— Что касается вашего первого вопроса, то ответ здесь лежит на поверхности. Все наши творческие союзы возникли одинаковым образом — были насильственно созданы мановением властной руки, причем с одной и той же целью: поставить под контроль творческую интеллигенцию. Сейчас, когда властная хватка подослабла, заработали центробежные силы. Происходит все в точности то же, что и в большой политике. Писательская империя готова развалиться. В таком виде она мало кого устраивает. Новый СП должен быть прежде всего организацией профессионалов. Дотации, стипендии молодым, жилье, финансовая помощь старикам и больным, поиск меценатов, борьба за новые законы в советах всех уровней, организация издательского дела… И никакой представительской деятельности секретариатов и правлений, никаких высоких делегаций, зарубежных командировок по обмену опытом, парадных съездов-пленумов и — в особенности — политических заявлений от имени всех советских писателей. Во главе СП должны стоять хорошо оплачиваемые чиновники, профсоюзные боссы, которые способны эффективно заниматься финансами, юриспруденцией (применительно к проблемам авторского права), коммерческой деятельностью. Творческие вопросы надобно оставить самим писателям, пусть они их решают за пишмашинкой — все равно другого способа их решить не существует. Если такой СП возникнет и если он сумеет решить важнейшую сейчас, хотя и вполне частную задачу — добьется, чтобы государство отдавало писательской организации хотя бы пять процентов (а не 0,3 процента, как сейчас) доходов от издания книг членов этой организации, — тогда и такой СП имеет шанс уцелеть.
В противном случае его не сохранить даже применением силы.
Если же говорить о «литературном вакууме», то он, видимо, действительно имеет место, хотя бы в том смысле, что вот свободы наступили, а потока шедевров нет и нет. Я читал и слышал множество объяснений этому явлению и со всеми согласен. Все они сводятся к тому, что «читать интереснее, чем жить», а жить интереснее, чем писать. Вполне возможно. Я, откровенно говоря, последнее время очень мало читаю (беллетристику) и почти совсем не перечитываю.
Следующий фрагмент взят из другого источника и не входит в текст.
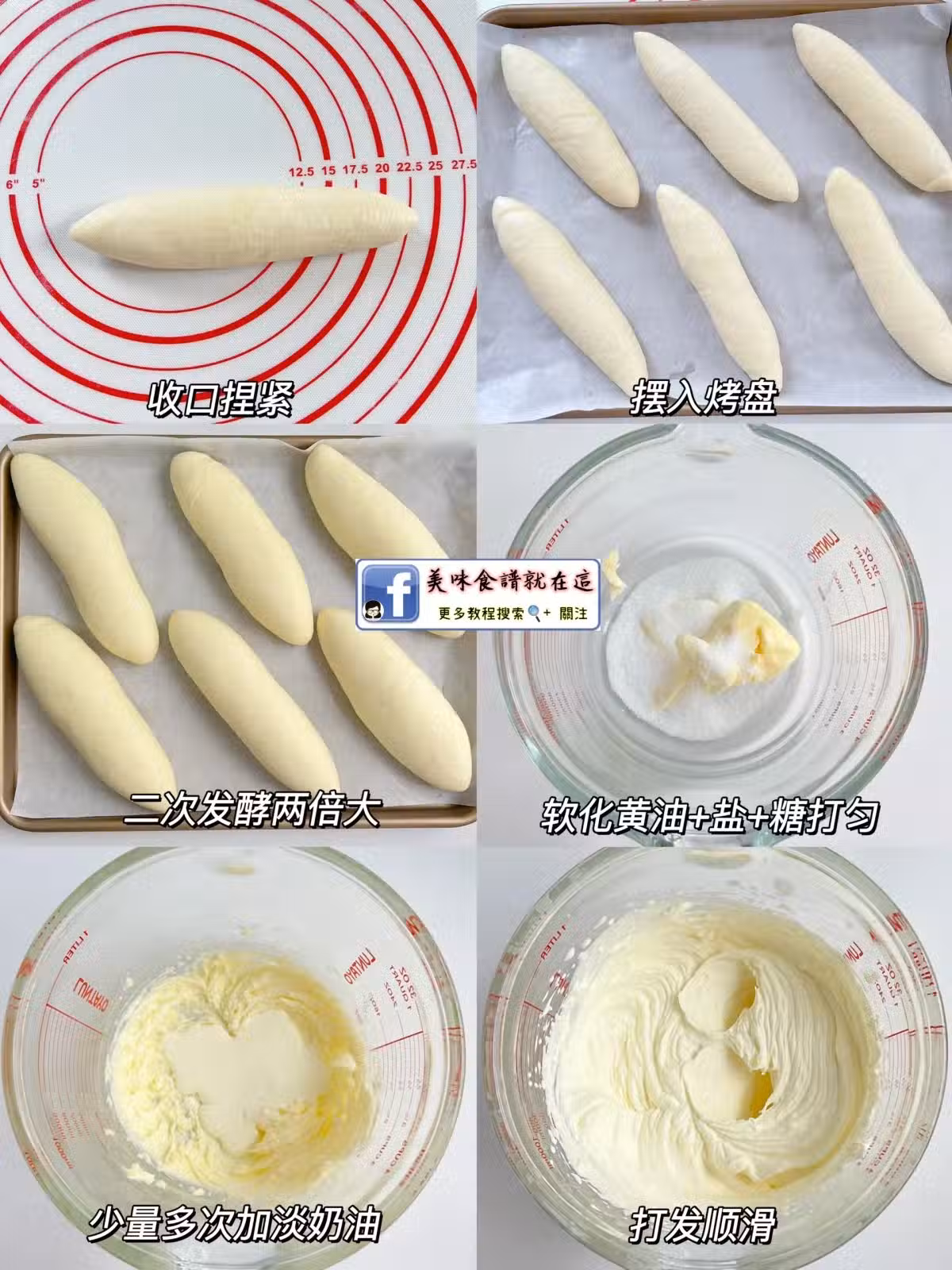 3️⃣製作咸奶油:黃油室溫軟 化+糖+海鹽打發,淡奶油少量多次加入,打發裝入裱花袋

Я обнаружил, что беллетристика стала мне неинтересна и мне на нее не хватает времени. Я читаю статьи и книги по экономике, социологии, политике, я прочитываю ежедневную груду газет и ежемесячно — груду журналов (без или почти без беллетристики). Всю жизнь я писал только о том, что мне лично интересно. Сегодня мне интересны экономика, социология, политика, но писать об этом сколько-нибудь профессионально я не в состоянии! Ужасное положение. Я был бы, наверное, в отчаянии, если бы жизнь не была такой захватывающе интересной. Жить интереснее, чем писать, пяток лет назад такая сентенция поразила бы меня своей нелепостью, а сегодня я готов ее принять и даже нахожу в ней определенное глубокомыслие. Впрочем, брат мой и соавтор придерживается несколько иных взглядов. И слава Богу! «Спорим, следовательно, существуем».
С Борисом Стругацким разговаривала Татьяна Путренко
К читателям альманаха «Завтра»[16]
Завтра.
Завтра — это почти наверняка завтра. Но не исключена возможность, что завтра перевернется во вчера.
Всю свою сознательную жизнь я мечтал о журнале НФ. Кажется, сейчас что-то проклевывается. Не журнал, но все-таки альманах, независимый от невежественных, смердящих, злокозненных влияний. Хорошо, мы стали независимыми. Что дальше?
«Завтра».
Честно говоря, я был против этого названия. Я бы предпочел название «Если». Но мои молодые коллеги (молодые! мне 65 лет, а этим молодым уже под пятьдесят…) настаивали на «Завтра». Что ж. Хоть горошком назови…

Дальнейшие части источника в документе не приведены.